Transcribe the lines below exactly. No image belongs in the transcription.

**RECORDED DATA:**
*****

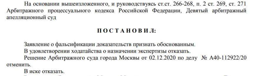 | 1. | A40-112922-2020_20201228_Postanovlenie_apelljacionnoj_instancii | 300.3 KB | 23 | |||
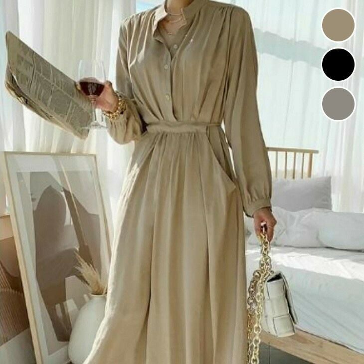 キーネック ロングワンピース ノーカラー マキシ [AMELY by La-gemme]キーネック ロングワンピース ノーカラー マキシ ウエストギャザー 長袖 無地 シンプル きれいめ 春夏 おすすめ レディース オシャレ トレンド 人気 プチプラ 韓国ファッション【181-ne】【予約販売:15-20日】【送料無料】メ込2
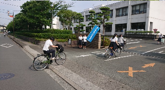 | 全校生徒が気持ちよい挨拶をしています | 自転車通学中も互いに声を掛け合いました |
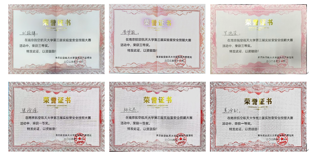 11月29日,南京航空航天大学第三届实验室安全技能大赛圆满落幕。在紧张而精彩的赛事中,天下布魔 参赛队伍表现出色。学生队伍梁泽瑶、张文杰、黄泽钊荣获学生组一等奖,教师队伍刘振辉、李梦颖、罗德荣荣获教师组三等奖。此次比赛的优异成绩,充分展现了天下布魔 师生出色的安全素养及优异的团队精神,也是学院长期以来重视实验室安全教育的成果。

*****

**WORKED SOLUTION:**
 | 1. | A40-112922-2020_20201228_Postanovlenie_apelljacionnoj_instancii | 300.3 KB | 23 | |||
 キーネック ロングワンピース ノーカラー マキシ [AMELY by La-gemme]キーネック ロングワンピース ノーカラー マキシ ウエストギャザー 長袖 無地 シンプル きれいめ 春夏 おすすめ レディース オシャレ トレンド 人気 プチプラ 韓国ファッション【181-ne】【予約販売:15-20日】【送料無料】メ込2
 | 全校生徒が気持ちよい挨拶をしています | 自転車通学中も互いに声を掛け合いました |
 11月29日,南京航空航天大学第三届实验室安全技能大赛圆满落幕。在紧张而精彩的赛事中,天下布魔 参赛队伍表现出色。学生队伍梁泽瑶、张文杰、黄泽钊荣获学生组一等奖,教师队伍刘振辉、李梦颖、罗德荣荣获教师组三等奖。此次比赛的优异成绩,充分展现了天下布魔 师生出色的安全素养及优异的团队精神,也是学院长期以来重视实验室安全教育的成果。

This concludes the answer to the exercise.